Nel 2009, giovani sposi, i palestinesi Taghrid Masalha e Amr Ayad, si immaginavano con un paio di figli, tranquilli e uniti per sempre. Le cose non sono andate come speravano e non per problemi sorti nella coppia. «Amr è della Cisgiordania, per un periodo ha lavorato in Israele ed è così che ci siamo conosciuti – racconta Taghrid, una maestra d’asilo della bassa Galilea -, una volta sposati pensavamo di abitare qui nel mio villaggio, eravamo sicuri che la legge (che vieta le riunificazioni familiari tra israeliani e palestinesi dei Territori occupati, ndr) sarebbe stata revocata e che Amr avrebbe ottenuto la cittadinanza israeliana. Ma non è cambiato nulla e sono stata io a dovermi trasferire in Cisgiordania per vivere con mio marito». Dal 2011 Taghrid abita in un villaggio tra Gerusalemme e Ramallah.

Il caso di questa coppia è molto frequente. Donne arabo israeliane – palestinesi con cittadinanza israeliana – che vanno ad abitare in Cisgiordania a causa di una legge del 2003, approvata per «motivi di sicurezza», che impedisce ai mariti di ottenere non solo il passaporto ma anche la residenza nello Stato ebraico. Migliaia sono nella condizione di Taghrid e Amr. Per loro non ci saranno miglioramenti sebbene in queste ultime due settimane, per la prima volta in 18 anni, questa legge sia stata vicina all’abrogazione. Concepita dallo scomparso premier israeliano Ariel Sharon «per impedire che i terroristi possano usare residenza e cittadinanza per compiere attentati», la legge deve essere rinnovata di anno in anno. Cosa accaduta puntualmente. Nei giorni scorsi però i partiti di destra che fanno riferimento all’ex premier Netanyahu, all’unico scopo di mettere in difficoltà il governo di Naftali Bennett, hanno comunicato che non avrebbero votato a favore. Lo scopo palese è quello di beneficiare delle esitazioni del partito islamista Raam, parte essenziale con i suoi 4 seggi della maggioranza, che chiede di abrogare la legge e di mettere fine alle discriminazioni.

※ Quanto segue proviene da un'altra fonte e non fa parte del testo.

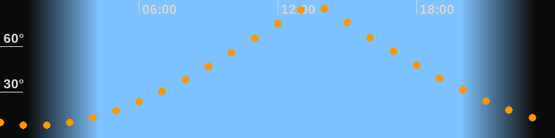 | Höchster Stand (Kulmination) | 13:32 Uhr (h = 87°) |
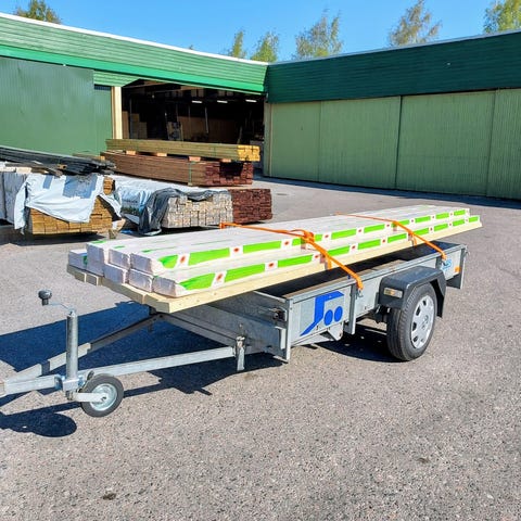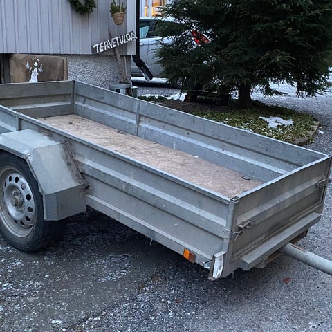 Lehtijousitettu näppärä pieni peräkärry. Lavan sisämitat: pituus 234cm ja leveys 124cm.
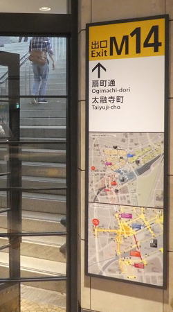 太融寺をお参りして、扇町通りを左に折れると直ぐ、梅田地下街「ホワイティうめだ」への M14入口から入る。 |
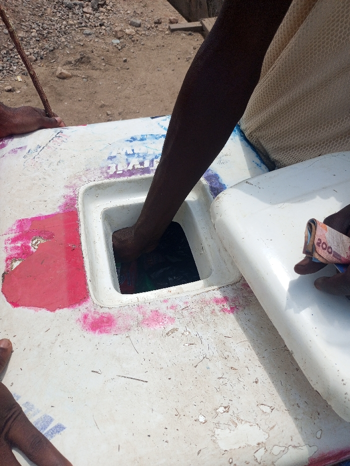 In Zango-ndaji, Nigeria, an overhead view depicts an outdoor transaction. A dark-skinned individual's arm extends into a recessed opening of a worn, white plastic cooler, which exhibits faded red and blue/purple paint and multiple scuff marks. The cooler's interior contains obscured items with visible hints of green and red packaging. To the left, a second dark-skinned hand rests on the cooler, holding a thin, reddish-brown stick or rope. On the right, a third dark-skinned hand holds a folded 200 Nigerian Naira banknote near an adjacent white surface, possibly another cooler lid. The scene is set on a dusty, light brown ground interspersed with gravel.
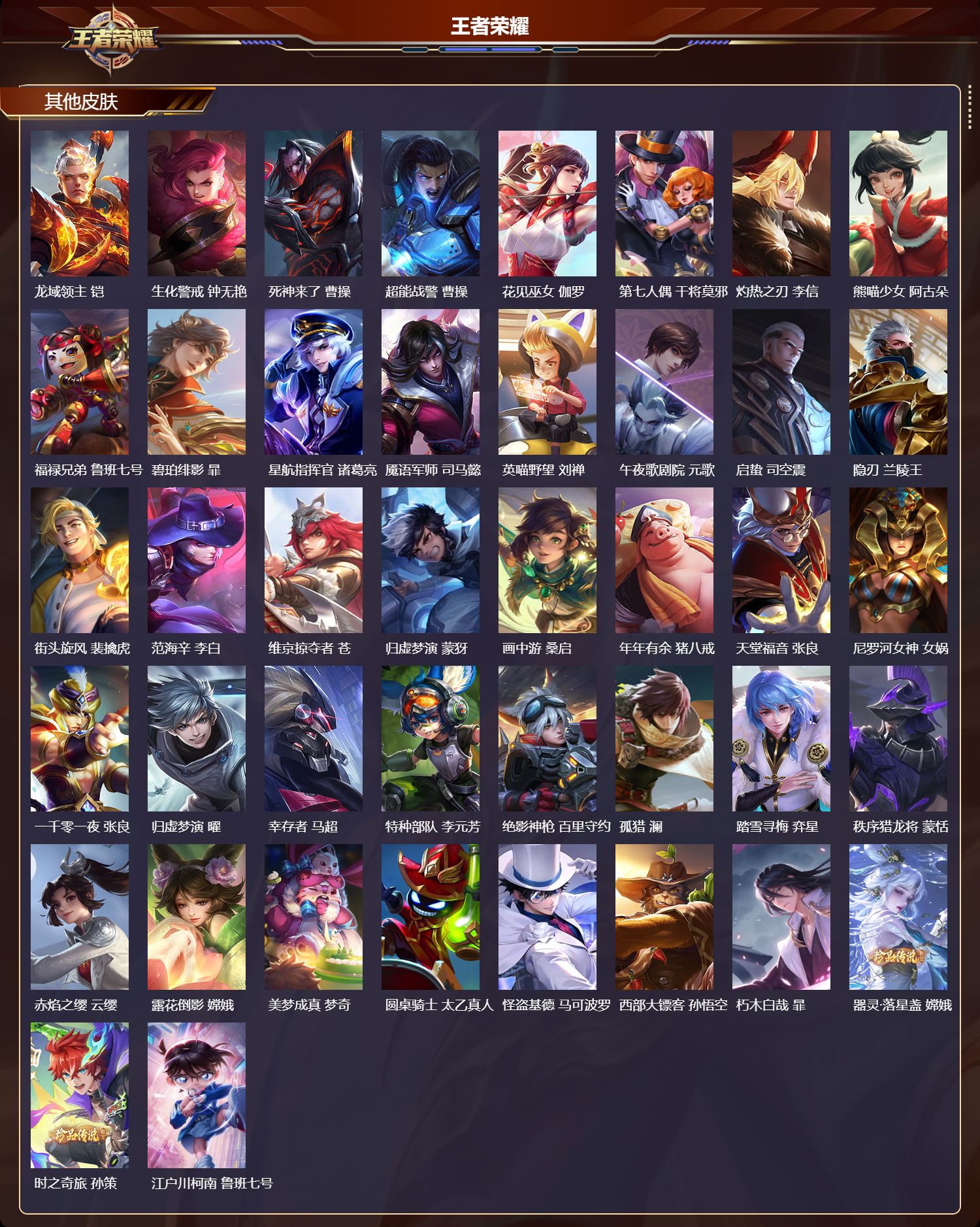 【48,其他皮肤】伊势巫女,大乔,金属狂潮,高渐离,前尘,金蝉,潮流仙人,老夫子,三太子,哪吒,棒球奇才,沈梦溪,龙域领主,铠,生化警戒,钟无艳,死神来了,曹操,超能战警,曹操,花见巫女,伽罗,第七人偶,干将莫邪,灼热之刃,李信,熊喵少女,阿古朵,福禄兄弟,鲁班七号,碧珀绯影,暃,星航指挥官,诸葛亮,魇语军师,司马懿,英喵野望,刘禅,午夜歌剧院,元歌,启蛰,司空震,隐刃,兰陵王,街头旋风,裴擒虎,范海辛,李白,维京掠夺者,苍,归虚梦演,蒙犽,画中游,桑启,年年有余,猪八戒,天堂福音,张良,尼罗河女神,女娲,一千零一夜,张良,归虚梦演,曜,幸存者,马超,特种部队,李元芳,绝影神枪,百里守约,孤猎,澜,踏雪寻梅,弈星,秩序猎龙将,蒙恬,赤焰之缨,云缨,露花倒影,嫦娥,美梦成真,梦奇,圆桌骑士,太乙真人,怪盗基德,马可波罗,西部大镖客,孙悟空,朽木白哉,暃,器灵·落星盏,嫦娥,时之奇旅,孙策,江户川柯南,鲁班七号,

Nelle ultime ore però sarebbe emerso un compromesso che dovrebbe permette di rinnovare la legge e di continuare ad impedire ai palestinesi in Cisgiordania e Gaza che sposano israeliani di ottenere la cittadinanza e la residenza. Raam, rivelava venerdì sera la tv Canale 12, cedendo alle pressioni degli altri partiti della coalizione si prepara ad accettare una soluzione minima: otterranno il ricongiungimento familiare quei palestinesi che hanno sposato israeliani prima del 2003. Ma riceveranno solo la residenza. Raam si asterrà al momento del voto sul rinnovo di quella che ha denunciato come una legge «razzista e antidemocratica», così come si è astenuto a metà settimana in seno all’esecutivo riguardo l’approvazione di progetti di espansione edilizia nelle colonie israeliane in Cisgiordania. Il passo del partito islamista comunque non mette del tutto al riparo il neonato governo Bennett. La maggioranza, perciò, si augura che alcuni deputati dei partiti di destra all’opposizione scelgano di prolungare la legge. «Sono fiduciosa che l’opposizione che si definisce nazionalista sosterrà questa legge», auspica la parlamentare Idit Silman (Yamina), certa che arriverà il rinnovo entro la scadenza del 6 luglio.

Nel 2012 la Corte suprema israeliana respinse gli appelli presentato da organizzazioni per i diritti umani contro una legge approvata «in via provvisoria» con la motivazione di voler «combattere il terrorismo» e che resta in vigore dopo 18 anni. Se le coppie miste israelo-palestinesi vogliono vivere in piena armonia «che si trasferiscano nei Territori o altrove» commentò l’allora speaker della Knesset Reuven Rivlin (Likud). Nel frattempo, le autorità militari non hanno mai dimostrato che gli sposi «importati» da Cisgiordania e Gaza siano un pericolo per la sicurezza dello Stato.